The implications for schools are serious enough. The implications for society of a growing number of alienated young people with little or no adequate alternative educational provision, at risk of drifting into a life of crime or drugs, or both, are frightening.
The answer is not - as one prominent and otherwise sensible leader of a teaching union would apparently have us believe - to blame the parents for this state of affairs. Of course, children may bring into school clear signs of inadequate, confused or disrupted parenting. However, blaming parents fails to acknowledge that circumstances in the community and in society at large can either be supportive of, or underline, parental care.
Furthermore, simply laying the blame at the parents' door - or at the door of any external factors - underplays the role of the school and ignores the evidence that schools in similar catchment areas can have markedly different success in responding to and preventing behaviour problems and educational failure.
Marion Bennathan and Marjorie Boxall in their excellent book, Effective Intervention in Primary Schools (David Fulton), remind us of this fact and offer an approach that, though successful, has had little publicity in the 26 years or so of its existence. This approach could, they assert, transform the present situation because it has been evaluated and shown to be effective over a long period; its transparent validity and practical effectiveness are greeted with enthusiasm by schools and teachers who have become involved; it not only helps with extreme behavioural difficulties but also raises awareness and enhances skills throughout the school in understanding and managing learning and adjustment problems.

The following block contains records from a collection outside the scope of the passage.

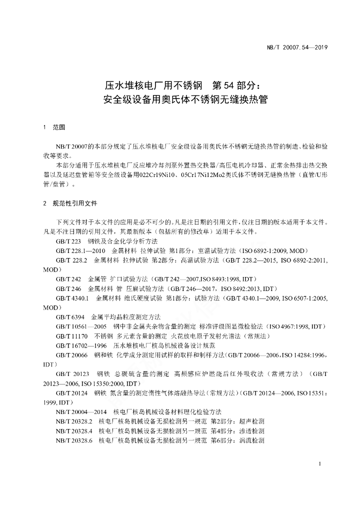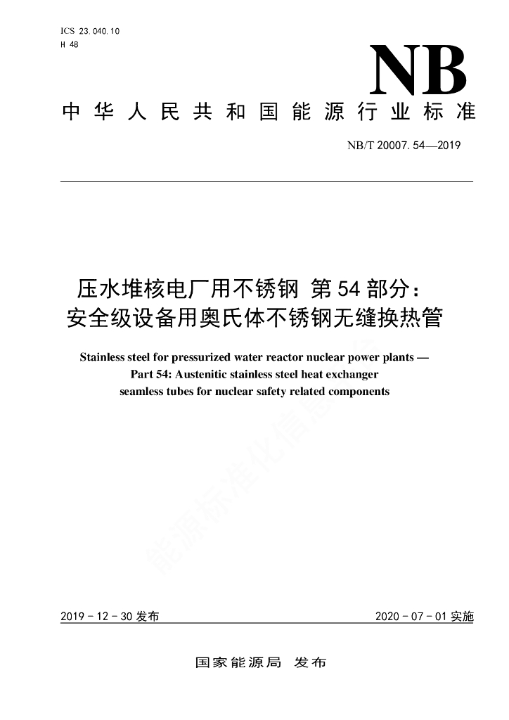 NB/T 20007.54-2019 压水堆核电厂用不锈钢 第54部分:安全级设备用奥氏体不锈钢无缝换热管
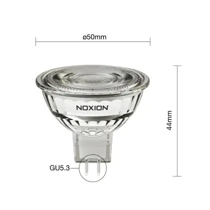 La Noxion Faretti LED GU5.3 MR16 6.1W 621lm 36D - 827 Bianco Molto Caldo | Sostitutiva 50W è perfetta per la sostituzione della classica lamapda alogena50W GU5.3 con colore della luce 827 Bianco Molto Caldo. Questa lampadina ha una forma Spot con un diametro di 50mm. La distanza tra I due pins è di 5.3mm. Queste lampade hanno bisogno di un trasformatore poiché operano a 12V. I trasformatori possono essere trovati in "Accessori" su questa pagina. Qual’è il trasformatore adatto? Dipende dal numero di lampade che si vuole installare. Il nostro servizio di vendita e assistenzati ti aiutera nella scelta. Passare a LED offre molti vantaggi!
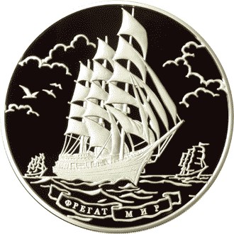 изображение плывущего фрегата «Мир», внизу на ленте – надпись «ФРЕГАТ «МИР», на втором плане слева и справа – два парусника, вверху – летящие птицы.
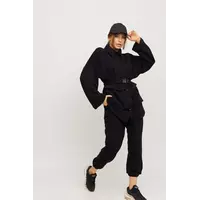 Костюм кофта и штаны из трехнити с ппетлей: кофта oversize кроя на кнопках, накладные карманы, без манжета; брюки с манжетами, есть карманы; пояс с фастексом в комплекте
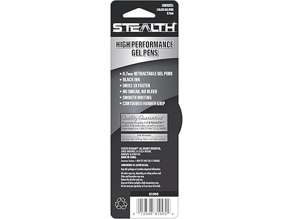 - Stealth Pens feature super fast drying gel ink that offers smudge free writing. Stealth gel ink flows smooth and consistant, keeping up with you during work or school

The story starts a generation ago when there was much anxiety about the extent of educational retardation and behavioural problems in schools, particularly in inner-city areas. One London borough study in the mid-l970s found that nearly 20 per cent of l0-year-olds were rated by their teachers as showing "behavioural deviance".
As many as 25 per cent of the parents interviewed reported behaviour in their children which was assessed as showing varying degrees of "psychiatric disorder". A subsequent study by the Inner London Education Authority Research Unit produced a broadly similar picture.
In 1970, Marjorie Boxall, then an ILEA educational psychologist in north London, had established in an infants and a junior school what she described as "nurture groups" in an attempt to deal with some of the most severe manifestations of the problem. She had the enthusiastic co-operation of the schools and the support of her colleagues and the ILEA.
These groups were special classes of 12 children "showing signs of severely deprived early childhoods, unable to learn because of extreme withdrawal or disruptiveness. For some children, everything that could go wrong had gone wrong".
A pamphlet by Boxall describing this initiative, published by the ILEA in 1976, is reproduced in the book. This spells out the nature of the problem and the rationale for nurture groups. The children for whom the groups are designed are felt to have missed out in vital areas of their early development and care because of "the severe social fragmentation and stress" in their families. The effect has been to stunt or to distort the children's emotional, social and intellectual growth. The children have lacked the continuing, reliable interaction with adults on which such growth crucially depends.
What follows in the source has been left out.